# AIM OF THE TASK
After finding "Кроме того, на" in a line below, print that line and the rest of the lines exactly, leaving out all pictures.

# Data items

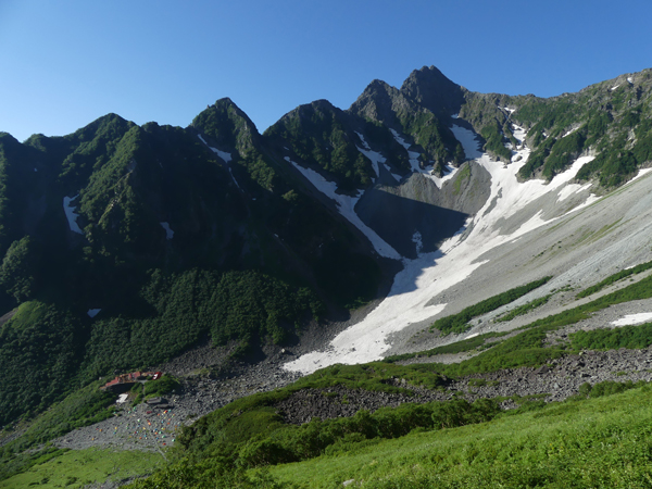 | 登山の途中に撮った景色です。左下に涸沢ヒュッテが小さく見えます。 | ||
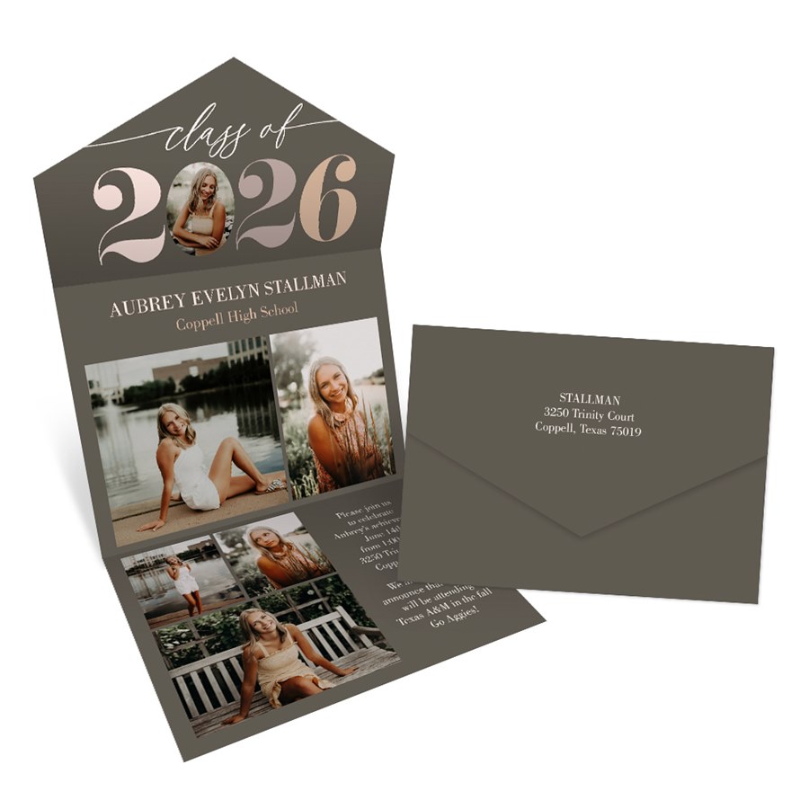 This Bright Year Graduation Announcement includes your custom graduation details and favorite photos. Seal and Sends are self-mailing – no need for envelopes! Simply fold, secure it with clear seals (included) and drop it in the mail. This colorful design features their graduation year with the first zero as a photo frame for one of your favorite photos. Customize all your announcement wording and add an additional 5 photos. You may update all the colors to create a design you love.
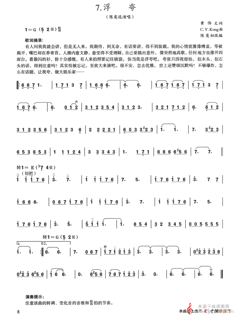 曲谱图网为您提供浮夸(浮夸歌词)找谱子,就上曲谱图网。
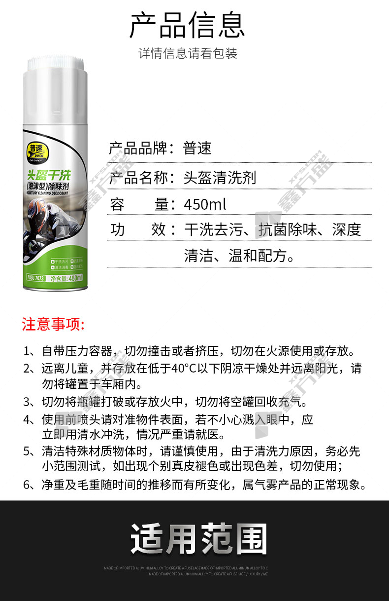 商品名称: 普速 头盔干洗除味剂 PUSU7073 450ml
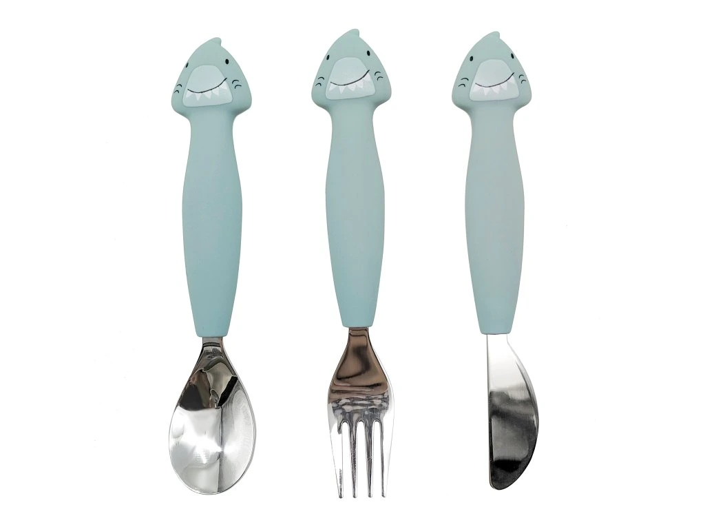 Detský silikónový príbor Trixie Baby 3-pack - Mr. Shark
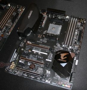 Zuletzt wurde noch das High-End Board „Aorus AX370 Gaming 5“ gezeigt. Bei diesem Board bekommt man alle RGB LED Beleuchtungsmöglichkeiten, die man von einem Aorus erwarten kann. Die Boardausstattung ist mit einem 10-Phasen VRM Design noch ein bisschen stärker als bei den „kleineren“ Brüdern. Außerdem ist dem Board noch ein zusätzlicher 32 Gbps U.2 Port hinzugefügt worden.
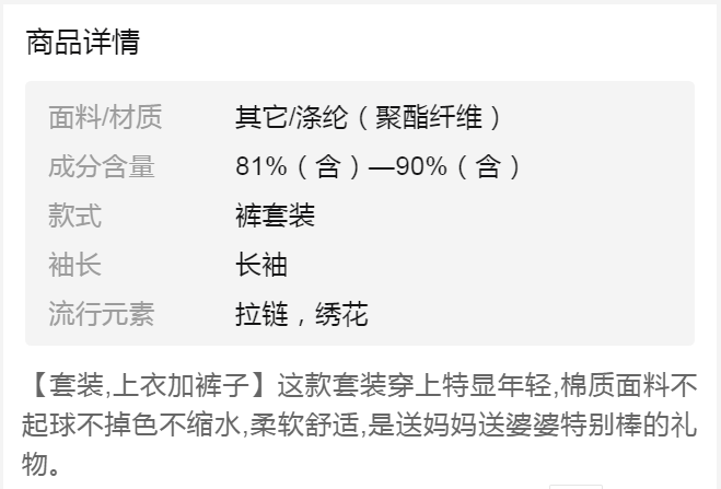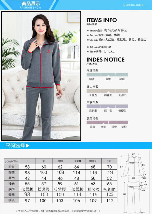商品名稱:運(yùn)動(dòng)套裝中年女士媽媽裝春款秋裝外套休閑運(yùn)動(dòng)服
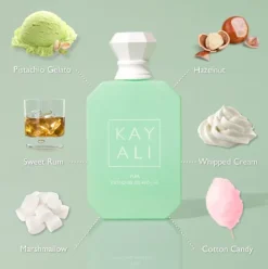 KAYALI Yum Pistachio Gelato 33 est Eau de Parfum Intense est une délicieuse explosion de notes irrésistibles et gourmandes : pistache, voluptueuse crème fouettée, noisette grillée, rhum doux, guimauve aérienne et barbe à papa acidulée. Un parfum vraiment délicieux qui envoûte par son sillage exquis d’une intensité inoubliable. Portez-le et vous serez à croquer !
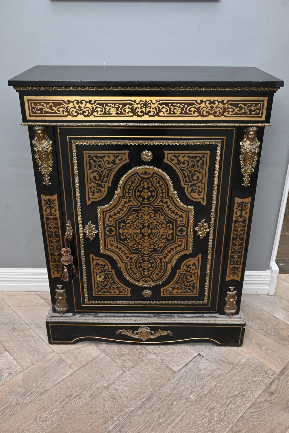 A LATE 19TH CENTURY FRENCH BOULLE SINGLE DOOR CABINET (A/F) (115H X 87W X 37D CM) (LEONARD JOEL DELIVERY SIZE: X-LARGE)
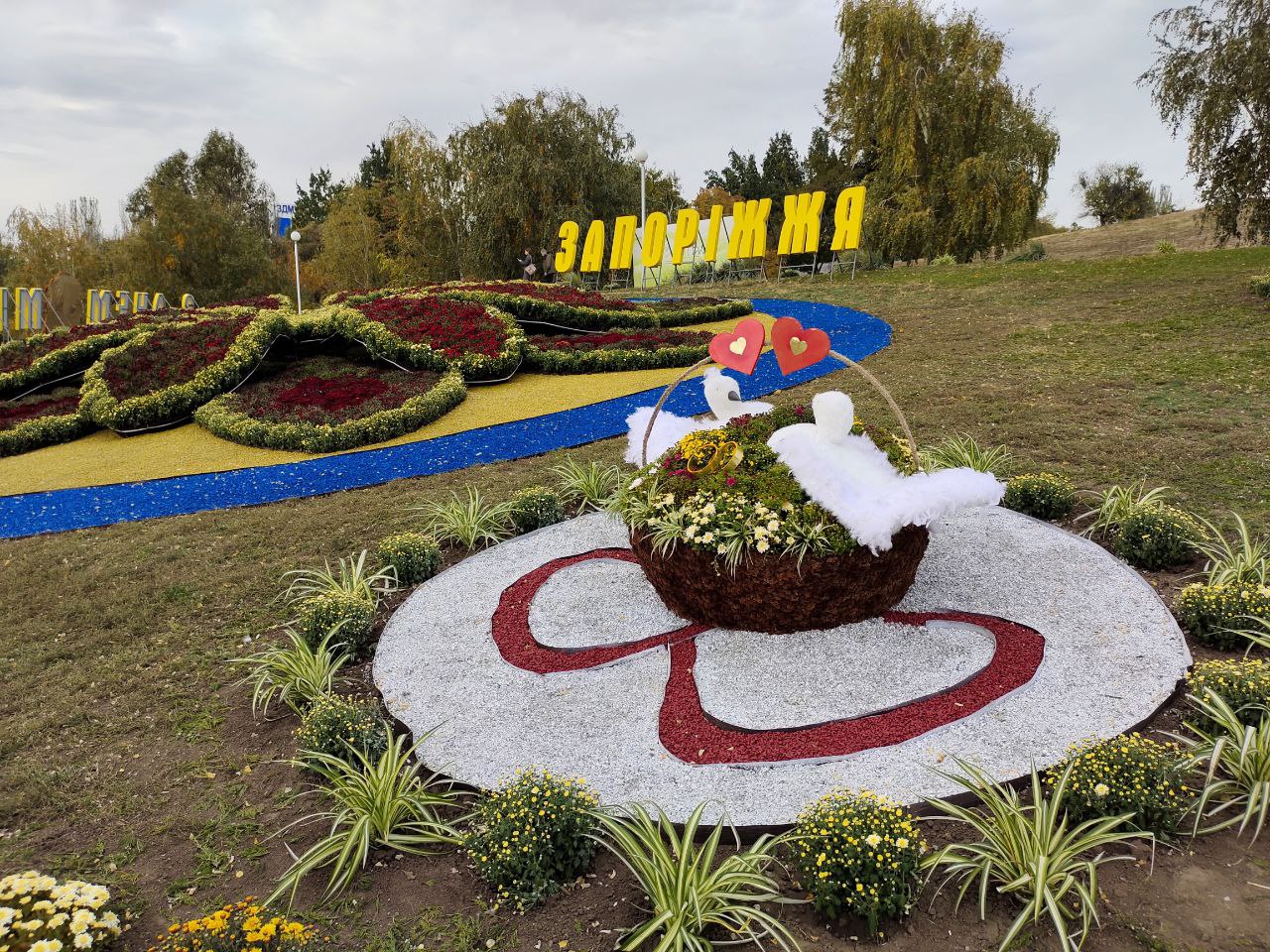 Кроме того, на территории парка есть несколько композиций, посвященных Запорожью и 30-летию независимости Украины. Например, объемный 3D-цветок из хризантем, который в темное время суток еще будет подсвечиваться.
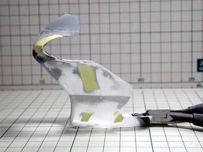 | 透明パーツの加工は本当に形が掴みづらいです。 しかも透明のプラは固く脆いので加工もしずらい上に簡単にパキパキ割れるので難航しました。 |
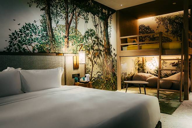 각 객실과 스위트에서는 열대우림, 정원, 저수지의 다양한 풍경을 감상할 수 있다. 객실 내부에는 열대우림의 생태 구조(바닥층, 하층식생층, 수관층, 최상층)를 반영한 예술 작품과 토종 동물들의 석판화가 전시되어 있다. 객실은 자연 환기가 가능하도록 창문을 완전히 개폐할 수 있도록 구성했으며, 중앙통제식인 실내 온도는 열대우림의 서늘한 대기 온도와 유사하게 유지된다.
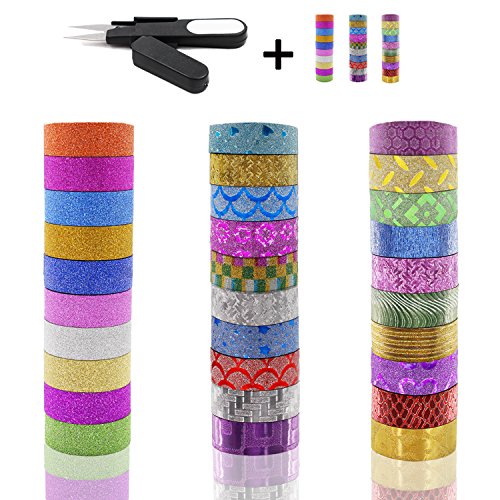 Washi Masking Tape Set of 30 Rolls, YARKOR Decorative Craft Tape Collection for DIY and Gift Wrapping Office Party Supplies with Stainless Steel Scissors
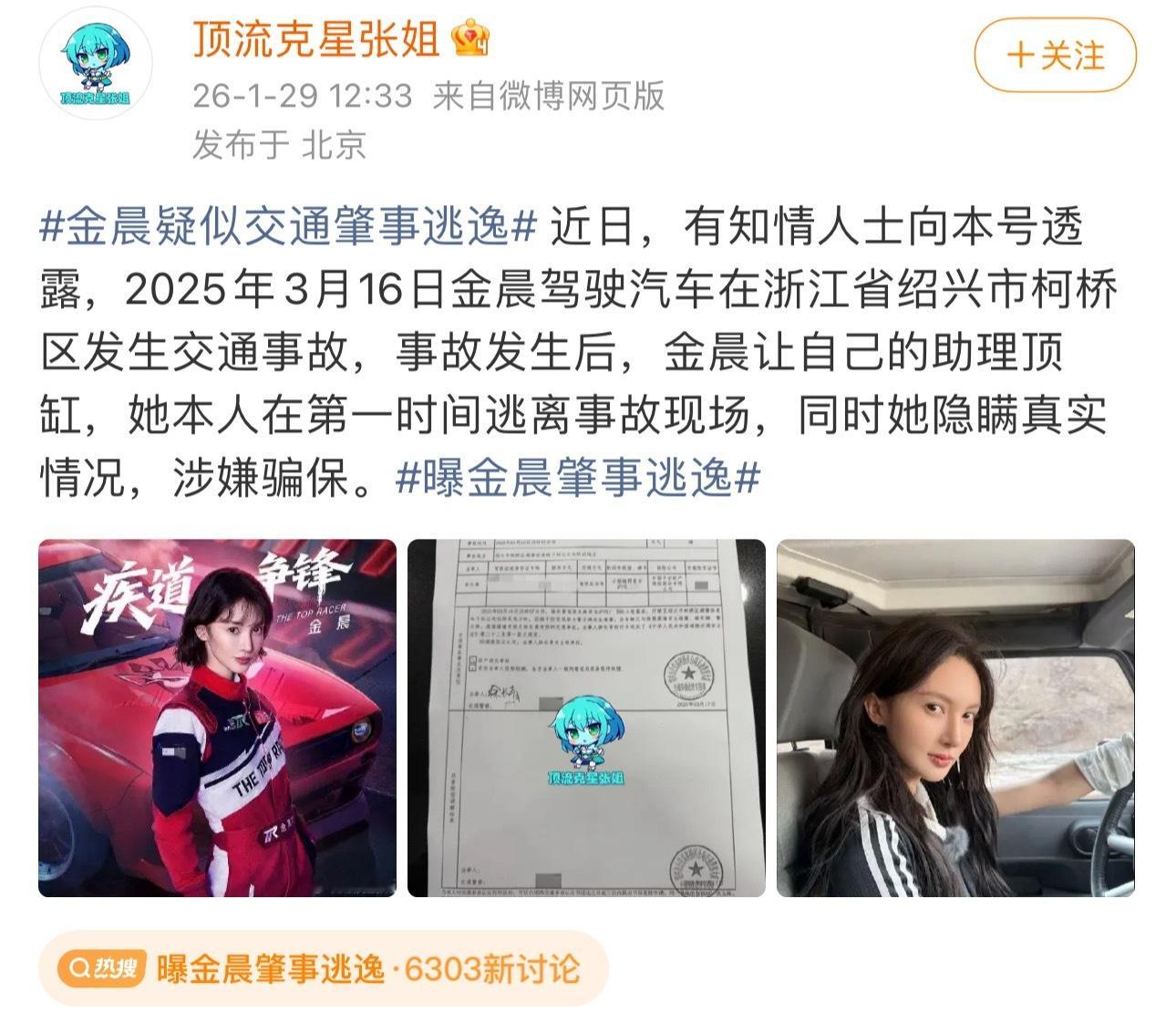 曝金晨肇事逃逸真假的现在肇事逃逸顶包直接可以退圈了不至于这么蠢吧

# SOLUTION TO THE PROBLEM
 Кроме того, на территории парка есть несколько композиций, посвященных Запорожью и 30-летию независимости Украины. Например, объемный 3D-цветок из хризантем, который в темное время суток еще будет подсвечиваться.
 | 透明パーツの加工は本当に形が掴みづらいです。 しかも透明のプラは固く脆いので加工もしずらい上に簡単にパキパキ割れるので難航しました。 |
 각 객실과 스위트에서는 열대우림, 정원, 저수지의 다양한 풍경을 감상할 수 있다. 객실 내부에는 열대우림의 생태 구조(바닥층, 하층식생층, 수관층, 최상층)를 반영한 예술 작품과 토종 동물들의 석판화가 전시되어 있다. 객실은 자연 환기가 가능하도록 창문을 완전히 개폐할 수 있도록 구성했으며, 중앙통제식인 실내 온도는 열대우림의 서늘한 대기 온도와 유사하게 유지된다.
 Washi Masking Tape Set of 30 Rolls, YARKOR Decorative Craft Tape Collection for DIY and Gift Wrapping Office Party Supplies with Stainless Steel Scissors
 曝金晨肇事逃逸真假的现在肇事逃逸顶包直接可以退圈了不至于这么蠢吧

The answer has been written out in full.